Xu Jinbo, Jiao Feng, Berger Bonnie
Toyota Technological Institute at Chicago, Chicago, Illinois 60637, USA.
J Comput Biol. 2007 Jun;14(5):564-77. doi: 10.1089/cmb.2007.R003.
This paper proposes a parameterized polynomial time approximation scheme (PTAS) for aligning two protein structures, in the case where one protein structure is represented by a contact map graph and the other by a contact map graph or a distance matrix. If the sequential order of alignment is not required, the time complexity is polynomial in the protein size and exponential with respect to two parameters D(u)/D(l) and D(c)/D(l), which usually can be treated as constants. In particular, D(u) is the distance threshold determining if two residues are in contact or not, D(c) is the maximally allowed distance between two matched residues after two proteins are superimposed, and D(l) is the minimum inter-residue distance in a typical protein. This result clearly demonstrates that the computational hardness of the contact map based protein structure alignment problem is related not to protein size but to several parameters modeling the problem. The result is achieved by decomposing the protein structure using tree decomposition and discretizing the rigid-body transformation space. Preliminary experimental results indicate that on a Linux PC, it takes from ten minutes to one hour to align two proteins with approximately 100 residues.

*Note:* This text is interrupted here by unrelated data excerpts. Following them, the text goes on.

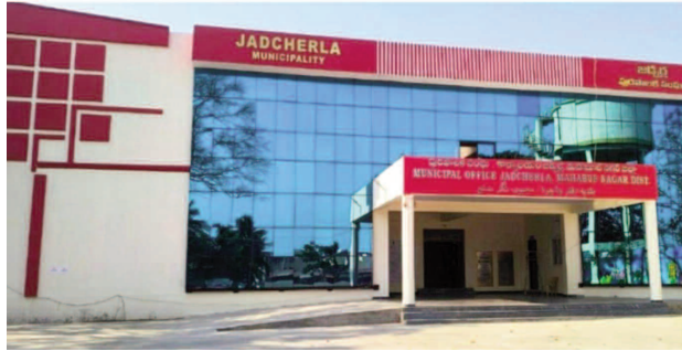
మొత్తం 48 అంశాలు చర్చకు తీసుకొచ్చినట్లు సమాచారం. అలాగే చైర్మన్, వైస్ చైర్మన్, కౌన్సిల్ సభ్యులకు హనరరీయం మరియు అలవెన్సుల పెంపు ప్రతిపాదనలు కూడా సమావేశ అజెండాలో ఉండటం రాజకీయంగా మరింత దుమారం రేపుతోంది. చైర్మన్లు

ఇదే సమావేశంలో మున్సిపల్ కార్యాలయ విభాగానికి సంబంధించిన ఇంటర్నెట్ సేవలు 2026-27 ఆర్థిక సంవత్సరానికి 20,000 ఖర్చుతో రెన్యూవల్, అప్డేటింగ్ సిబ్బంది వేతనాలు, జనరల్ ఫండ్ ఖర్చులు, చైర్మన్ మరియు కమిషనర్ ఆఫీస్ పనుల కోసం తిరుగు ఖర్చులు సహా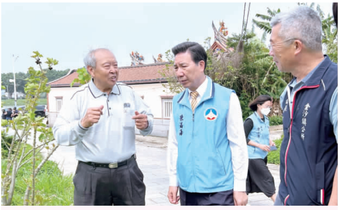
縣長陳福海與金沙鎮長吳有及社區會勘周邊環境，期能營造整潔的生活空間

環保局指出，近來積極結合公私部門，擴大環境認養計畫，根據統計，計有 99 個社區參與 113 年度「金門縣推動社區環境清潔維護計畫」及 87 處商家進行「金門縣道路環境清潔維護計畫」。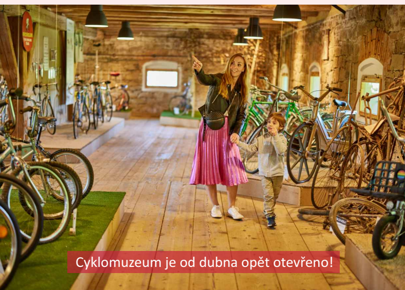
Cyklomuzeum je od dubna opět otevřeno!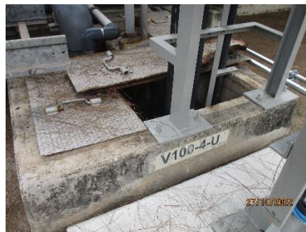
Inspection Pit (V100-4-U)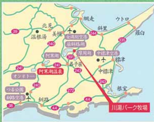
川湯パーク牧場は、摩周湖と后志路湖の間に位置しています。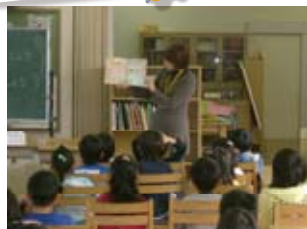
地域ボランティアによる読み聞かせ (松原市)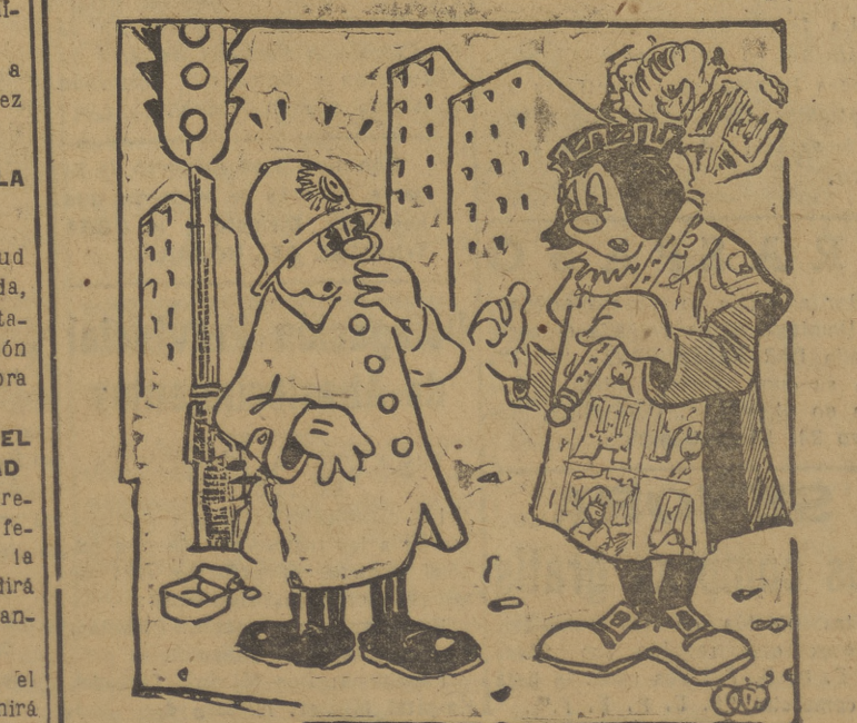
—¿Ha visto usted al Ayuntamiento de Burgos...?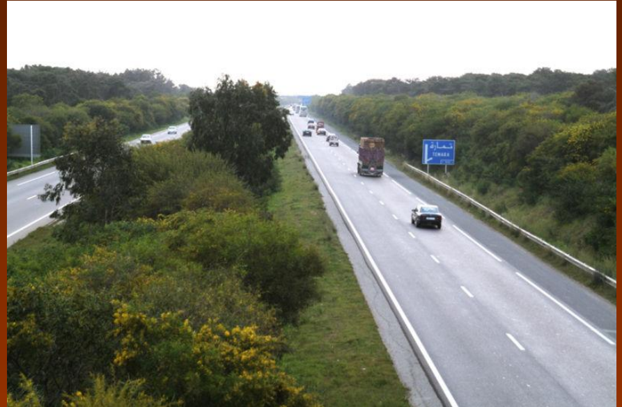
Автодорога А3 Касабланка — Рабат в Марокко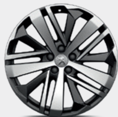
חישוקי סגסוגת 19" WASHINGTON שני גוונים במארג יהלום סטנדרט לדגמי GT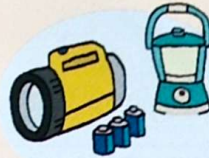
懐中電灯・ランタン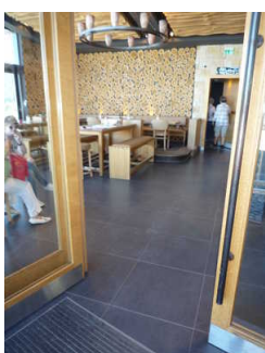
Durchgangstür zum Gastraum der Seilbar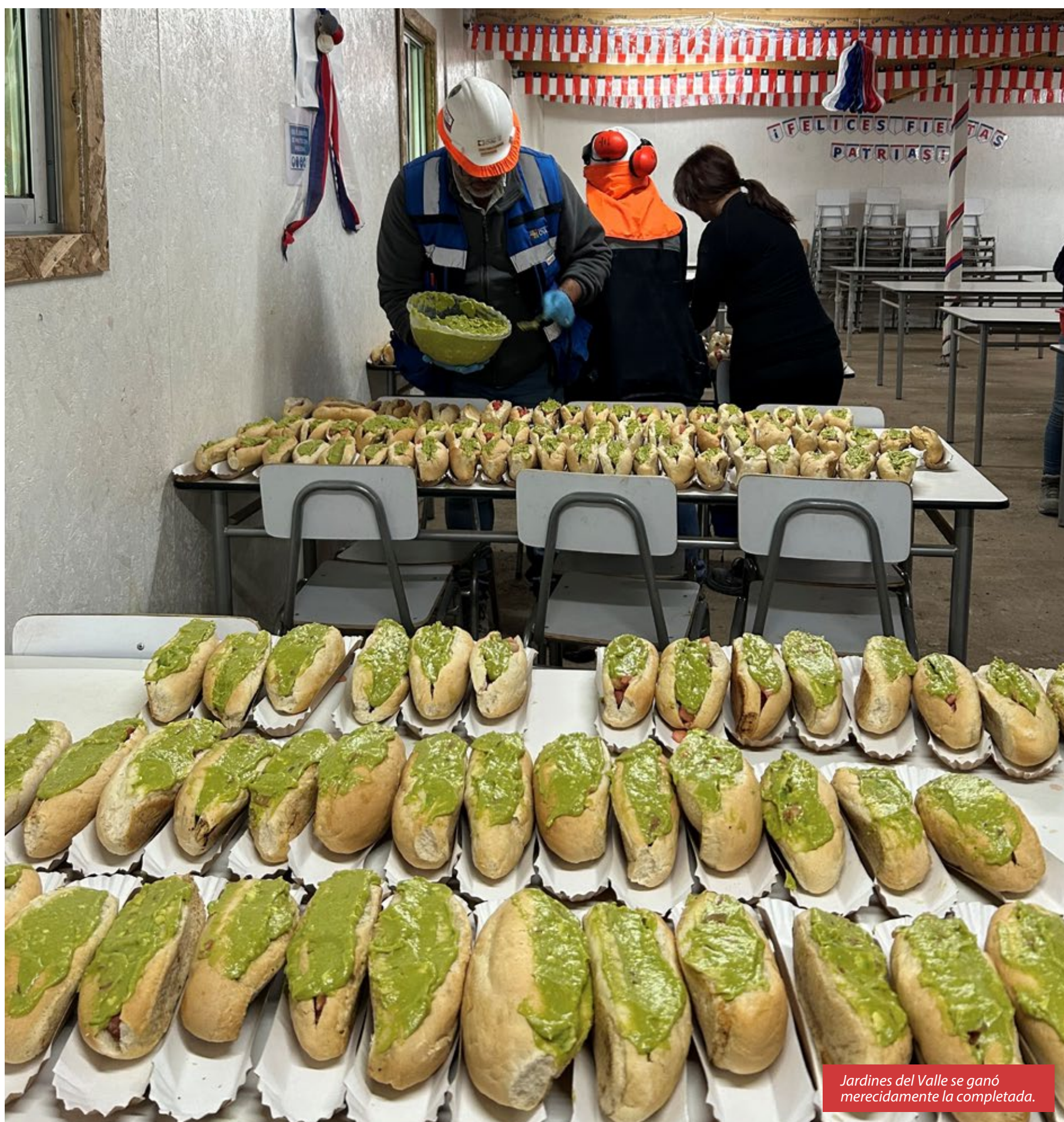
Jardines del Valle se ganó merecidamente la completada.

Este tipo de iniciativas busca fortalecer la cultura preventiva y promover hábitos seguros en todas las obras, con el objetivo de reconocer a quienes hacen de la seguridad un valor presente en cada acción.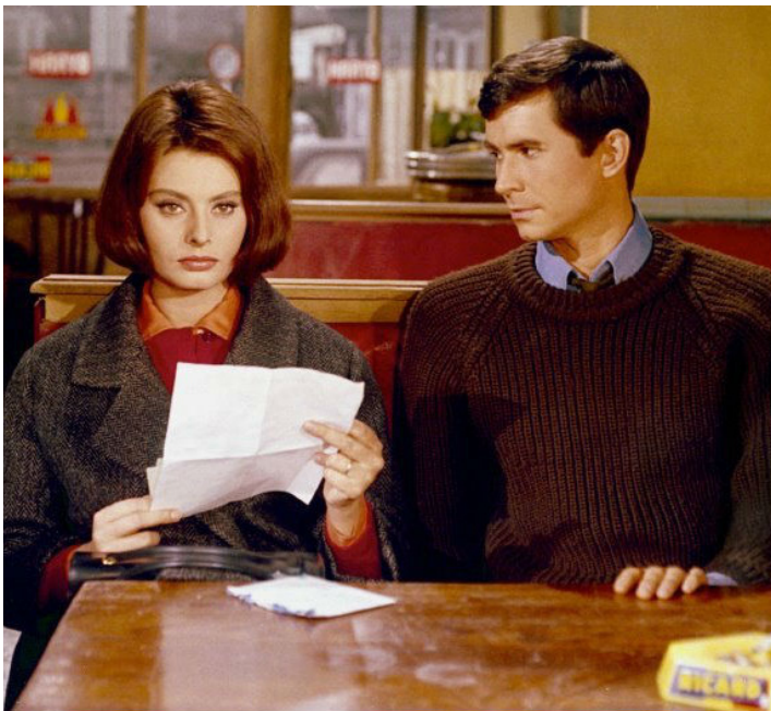
1962 LE COUTEAU DANS LA PLAIE (Five Miles to Midnight) d'Anatole Litvak avec Sophia Loren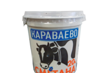
СМЕТАНА "КАРАВАЕВО", ж.20%, 330г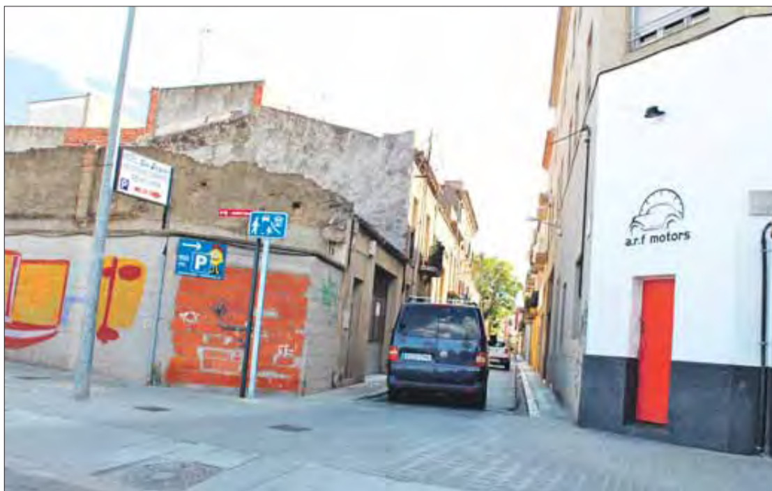
El carrer de La Barceloneta serà objecte d'un important canvi urbanístic. SANTI COLL

Aquest compliment permetrà a l'Ajuntament de Figueres la reactivació, aquest mateix any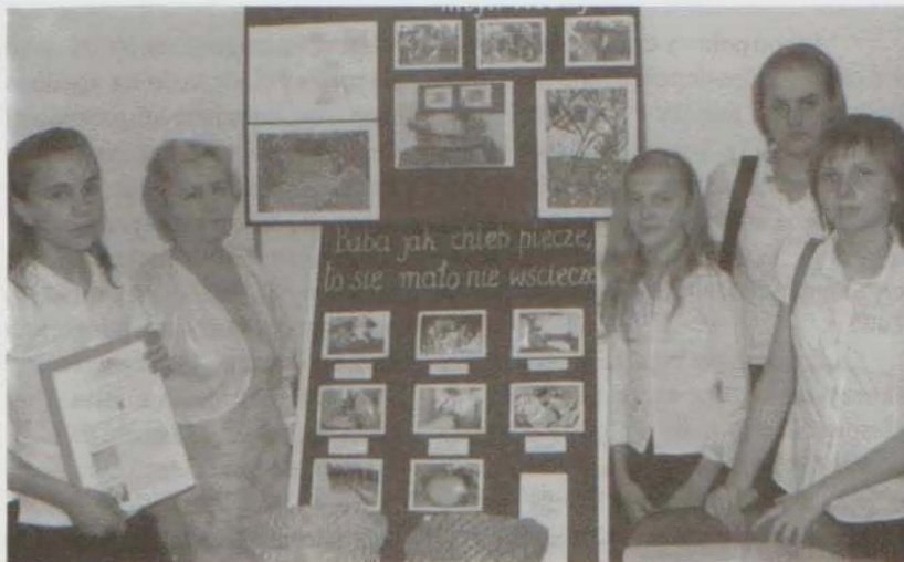
Nasze stoisko w Pałacu Kultury i Nauki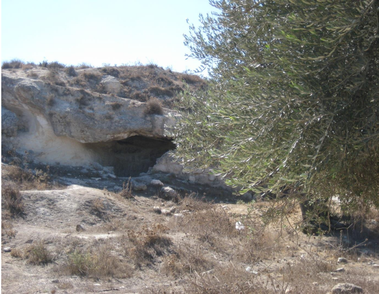
voormalig geboortegrot van Jezus

"ZIE, IK BEN BIJ JULLIE ALLE DAGEN TOT AAN HET EINDE DER WERELD"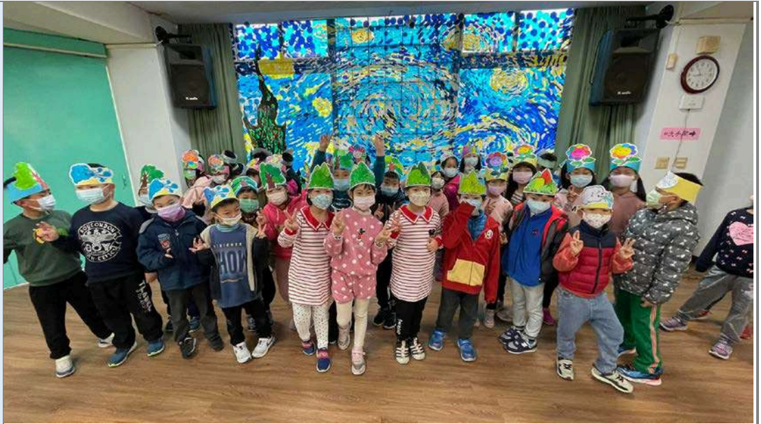
我們要表演「四季」的植物樣態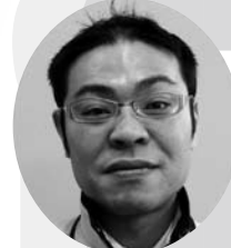
両津ステーション ☎23-5500 長坂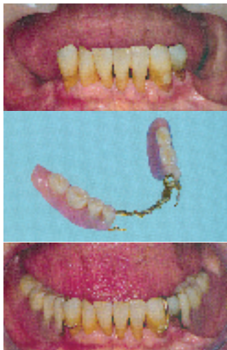
Fig.2 Prótesis esquelética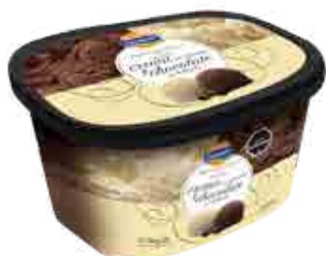
Crema tipo Irlandesa y Chocolate tipo Holandés Cont. Neto 2 Litros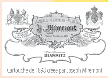
Cartouche de 1898 créée par Joseph Miremont

Eglise Saint Martin : AM du 12/01/1931 Château Boulard : AM du 29/10/1975 Hôtel Plaza : AR du 30/05/1990 Château d'Ilbarritz (Bidart) : AR du 30/05/1990 Casino Municipal : AR du 07/10/1992 Hôtel du Palais : AR du 24/12/1993 Phare : AR du 06/11/2009 Monument aux morts : AR du 21/10/2014 Eglise Orthodoxe : AR du 11/05/2015 Pâtisserie Miremont : AR du 18/01/2006

本文提出了一种参数化多项式时间近似算法(PTAS),用于比对两个蛋白质结构,其中一个蛋白质结构由接触图表示,另一个由接触图或距离矩阵表示。如果不需要比对的顺序,时间复杂度在蛋白质大小方面是多项式的,并且相对于两个参数D(u)/D(l)和D(c)/D(l)是指数级的,这两个参数通常可视为常数。具体而言,D(u)是确定两个残基是否接触的距离阈值,D(c)是两个蛋白质叠加后两个匹配残基之间允许的最大距离,D(l)是典型蛋白质中残基间的最小距离。该结果清楚地表明,基于接触图的蛋白质结构比对问题的计算难度与蛋白质大小无关,而是与几个对该问题进行建模的参数有关。该结果是通过使用树分解对蛋白质结构进行分解并对刚体变换空间进行离散化而得到的。初步实验结果表明,在一台Linux个人电脑上,比对两个约有100个残基的蛋白质需要10分钟到1小时的时间。